Varnay was reputedly a superb actress. As a singer she was at her best before her Bayreuth years, as heard in that 1941 _Walkure,_ and it would be nice if we had more recordings from that early period when her voice was still lithe and spinning. Her fans don't seem to mind her habitual scooping, flapping vibrato, and increasingly harsh and effortful top notes. I grew up listening to Leider, Traubel, Flagstad and Nilsson as Isolde and Brunnhilde, and first heard Varnay on Bayreuth radio transmissions in the 1960s, by which time her voice was very dark, heavy and effortful and her soprano career was just about over. For me her dark, cutting timbre is arresting but not especially beautiful, and her mannerisms can be annoying. I like her best as a mezzo, portraying characters such as Ortrud where she can sound wicked or neurotic and act up a storm.


----------



## howlingfantods (Jul 27, 2015)

Bonetan said:


> Love Varnay! I'm really enjoying her Elektra right now. Crazy as it sounds, I think I prefer her voice to Nilsson in the role & Flagstad in excerpts from the role. Here's a question for anyone with more listening experience; what is the reason that Varnay seems to take a back seat to those 2 historically?

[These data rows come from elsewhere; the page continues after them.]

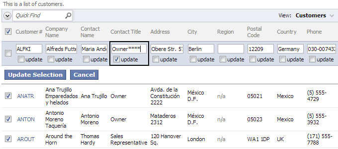 Press Update Selection button. The field values will be updated for the checked rows.
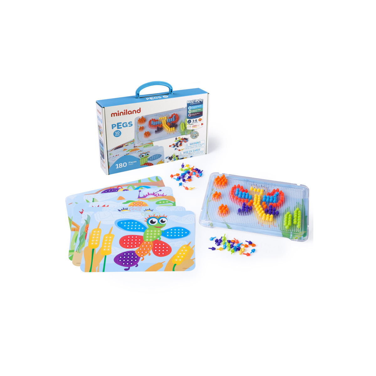 A classical game of mosaics that, with concentration exercises and attention, allows for the development of the visual-motor co-ordination, creativity, spatial orientation and the discrimination of colors. This perfect set of Pegs includes a board, 6 pattern cards and 180 Pegs. Board measures 12.25" x 8.25". Recommended age 3-6 years.
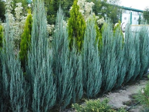 Вертикальный кустарник. Высота до 5 м, ширина до 1 м. Крона очень узкая, пирамидальная, плотная. Хвоя с голубым оттенком. Годовой прирост в высоту 15-20 см, в ширину 3-5 см. Долговечен. Светолюбив. К почве нетребователен, но не любит застойной влаги. Хорошо растет на легких суглинках. Морозоустойчив, но иногда в суровые морозы (ниже -30 С) может подмерзать. Переносит городские условия.
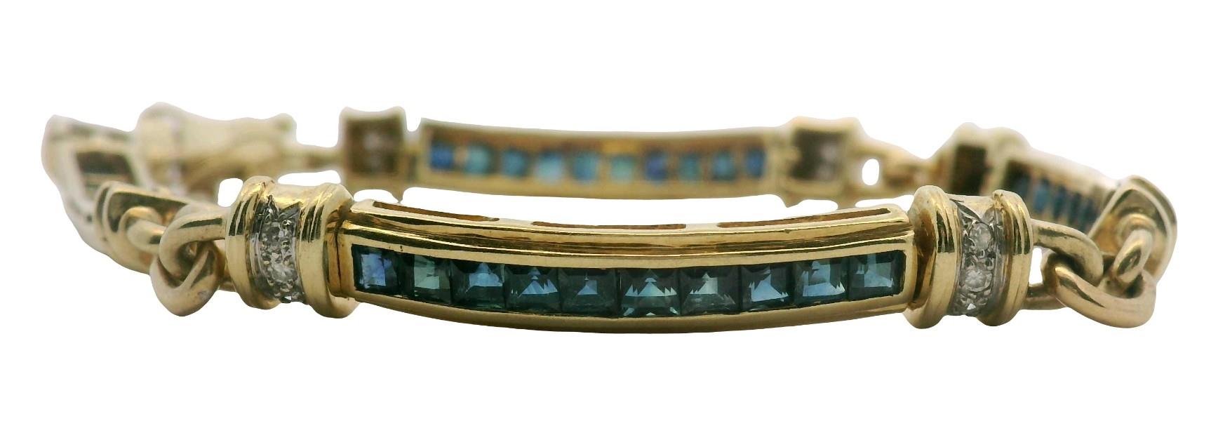 18ct yellow gold stamped 18k 750, featuring four slightly curved rectangular shaped bar links, each measuring 35mm, channel set centrally with carre cut sapphires of medium blue colour, edged in gold with stepped profile, capped by smaller diamond set rondelles with raised sides, articulated and fitted with slide clasp and double safety catches. Length: 17.7cms
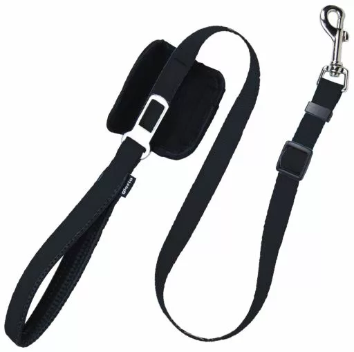 Correa muy práctica ya que tiene un doble uso, se puede usar como correa normal y además tiene incorporado un enganche para el cinturón del coche. Además es extensible, se puede hacer más larga y más corta para adaptarla a nuestras necesidades
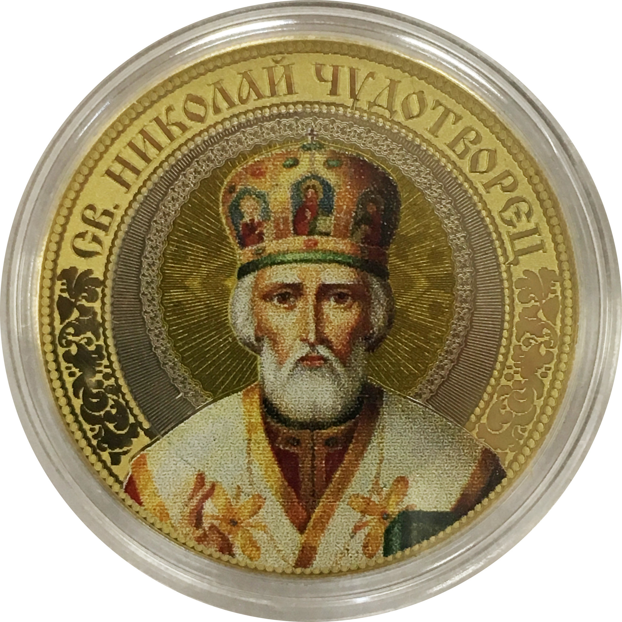 Сувенирная монета "Николай Чудотворец" номиналом 10 рублей с выгравированным изображением.
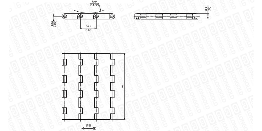 上圖為1 1/2"節(jié)距重載鏈板 UCC系列的結(jié)構(gòu)圖,圖紙中已標(biāo)明部分尺寸。

I was initially pretty enthusiastic with her in the initial flood of live Bayreuth recordings from the 50s, but I now find her almost unlistenable, mostly because of the incessant scooping.


----------



## Bonetan (Dec 22, 2016)

howlingfantods said:


> I was initially pretty enthusiastic with her in the initial flood of live Bayreuth recordings from the 50s, but I now find her almost unlistenable, mostly because of the incessant scooping.


I can certainly understand that. When I 1st heard her I mistook her for Gwyneth Jones due to the scooping lol. I'm a fan of both singers though


----------